Leave-one-out Cross Validation of the elastic net regression model based on the primary (top) and secondary (bottom) screens for normal and cancer cell lines after logarithmic transformation on the data. Each of the 140 point in these figures corresponds to one of the 140 drugs. “Regression” refers to –log of the viability predicted by the regression model using all data from the other 139 drugs as training set, while “Measured” refers to –log of the actual viability measured for the drug or drug combination. Note that, as in Figure 4, only the secondary screen leads to predictive models with significant R 2 for both cell types. The R 2 for the Cancer cell lines is considerably better using the log transformation.

In addition to a regression model that can be used to predict the efficacy of drugs that have not been tested, the β i coefficients can be used to rank kinases in terms of their relevance in the regression. Therefore, these coefficients identify the kinases whose inhibition is associated to a decrease in the cell viability. A ranking based on the differential β i C - β i N , where the index N and C identify the regression model of the cancer and normal cells, gives insight on specific pathways important for a selective response of cancer cells. Table 2 shows a list of kinases ranked in terms of β i C - β i N , where the coefficients have been obtained using the logarithmic data transformation on the secondary screen.

Table 2 Kinases with the highest difference in the regression coefficients for the log transformed data of the secondary screen

In order to test whether selected pathways were significantly enriched for the identified kinase genes in Table 2, a pathway-based enrichment analysis was conducted using the results from the elastic net kinase analysis and Fisher exact tests. Ten pathways from Reactome were identified as significant (p < 0.05) using this kinase list, including axon guidance, activation of Rac, and semaphorin interactions as top hits (Table 3).

Table 3 Reactome pathways with significant representation of kinases from the regression analysis


Drug-kinase profiling represents a controller-target network [5] that when combined with in vitro testing, can be used in regression models to predict drug response and to identify pathways statistically associated to drug sensitivity. Network methods in biology are often based on the analysis of large datasets from high-throughput experiments. An example is given by gene regulatory networks, which presents many challenges either when restricted to a homogeneous set of data [15, 16] or when it includes different classes of data [1720]. In our KIEN method, information from the drug-target network and experimental query of the biological system are integrated. The goal is not a reconstruction of a regulatory network, but to identify a set of kinases linked to a therapeutic response in a given cell line. In order to establish associations, the system has to be perturbed by the use of kinase inhibitor drugs. The response to these single drugs or drug combinations becomes a training set that when combined with the kinase profiling, can lead to predictions.

The elastic net method is one of the most widely used regularization techniques. Regularization techniques are used in statistical and machine learning models to achieve an optimal tradeoff between accuracy and simplicity. Simplicity makes a model less prone to overfitting and more likely to generalize.

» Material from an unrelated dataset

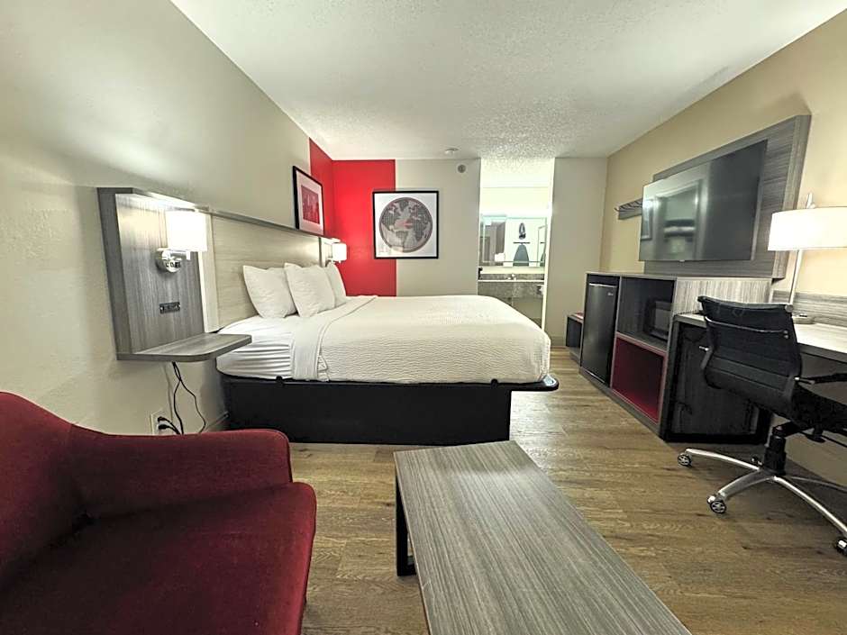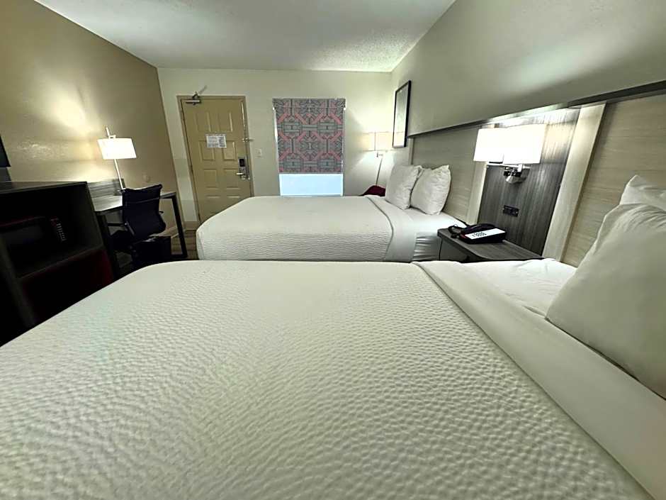 Room features a 32-inch flat-screen TV, a microwave and a small refrigerator.

In our analysis, we found that the elastic net regressions based on single drug responses were not successful, while drug pair data provided statistically significant predictions. A possible explanation for this finding is the following: single drugs might be less able to overcome the robustness of biological networks [5]. The phenotypic signal is therefore blunted and not easily measured. If a second drug is added, any compensatory capacity is already stretched and the effects from the inhibition of each kinase can be seen more clearly. Using data from drug pairs, we found that noise can be better filtered out and stronger statistical associations between kinases and therapeutic response are revealed. Clearly, if a different training set with higher variance in efficacy measures were used in the primary screen, it is likely that also single drug in vitro response would have given a significant predictive model.

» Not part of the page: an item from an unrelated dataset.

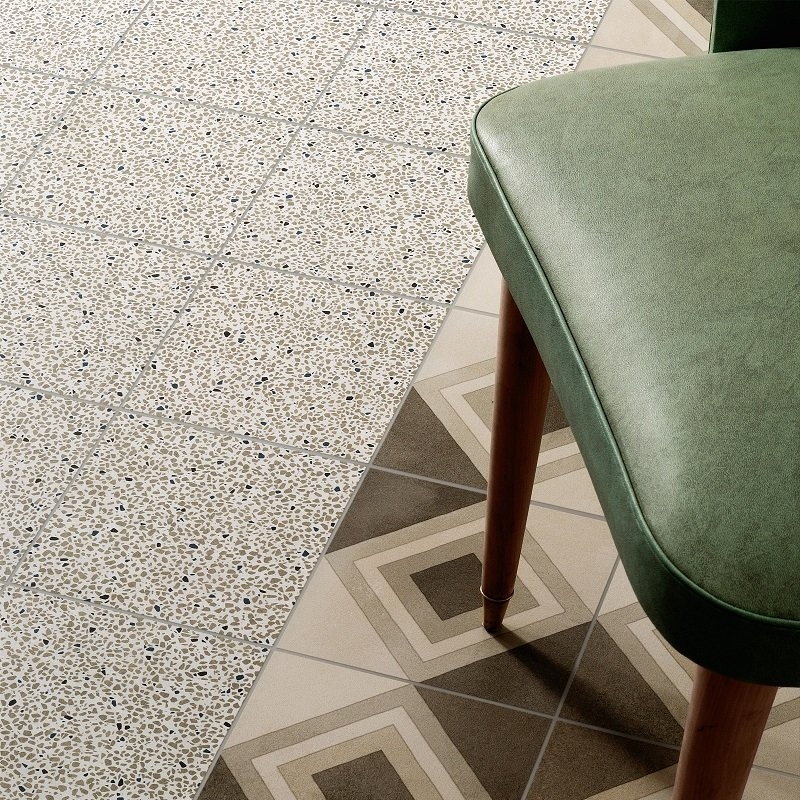 Si vous recherchez un carrelage grès cérame, n'hésitez plus car le modèle Cementine aspect terrazzo est pour vous. De dimensions 20 cm x 20 cm, il va dynamiser votre intérieur et y ajoutera une touche de modernité.

We identified several kinases that are implicated in lung cancer that gives biological significance to our KIEN method. In particular, TGFBR2 appears as a top hit both in the correlation and in the elastic net methods. This finding is consistent with recent siRNA experiments on A549 cell lines [21], which demonstrated that silencing of this receptor reduces cell proliferation, invasion, and metastasis. The Cyclin-dependent kinase 4 (CDK4) appears as a second top target in the correlation analysis, and is also highly significant in the KIEN analysis. Experiments using lentiviral-mediated shRNA to inhibit CDK4 in A549 have shown inhibited cell cycle progression, suppressed cell proliferation, colony formation, and migration [22], and there is an ongoing clinical trial using a CDK4/6 inhibitor in lung cancer [23]. The KIEN analysis identified EGFR, which is known to be overexpressed in the majority of non-small cell lung cancers [24]. Furthermore, RNAi experiments targeting EGFR demonstrated cancer growth suppression in A549 xenograft in mice [25]. The third kinase in Table 2, PHKG1 has also been found to be upregulated in human tumor samples, including lung adenocarcinoma, and aberrations in its gene copy number is a feature of many human tumors [26].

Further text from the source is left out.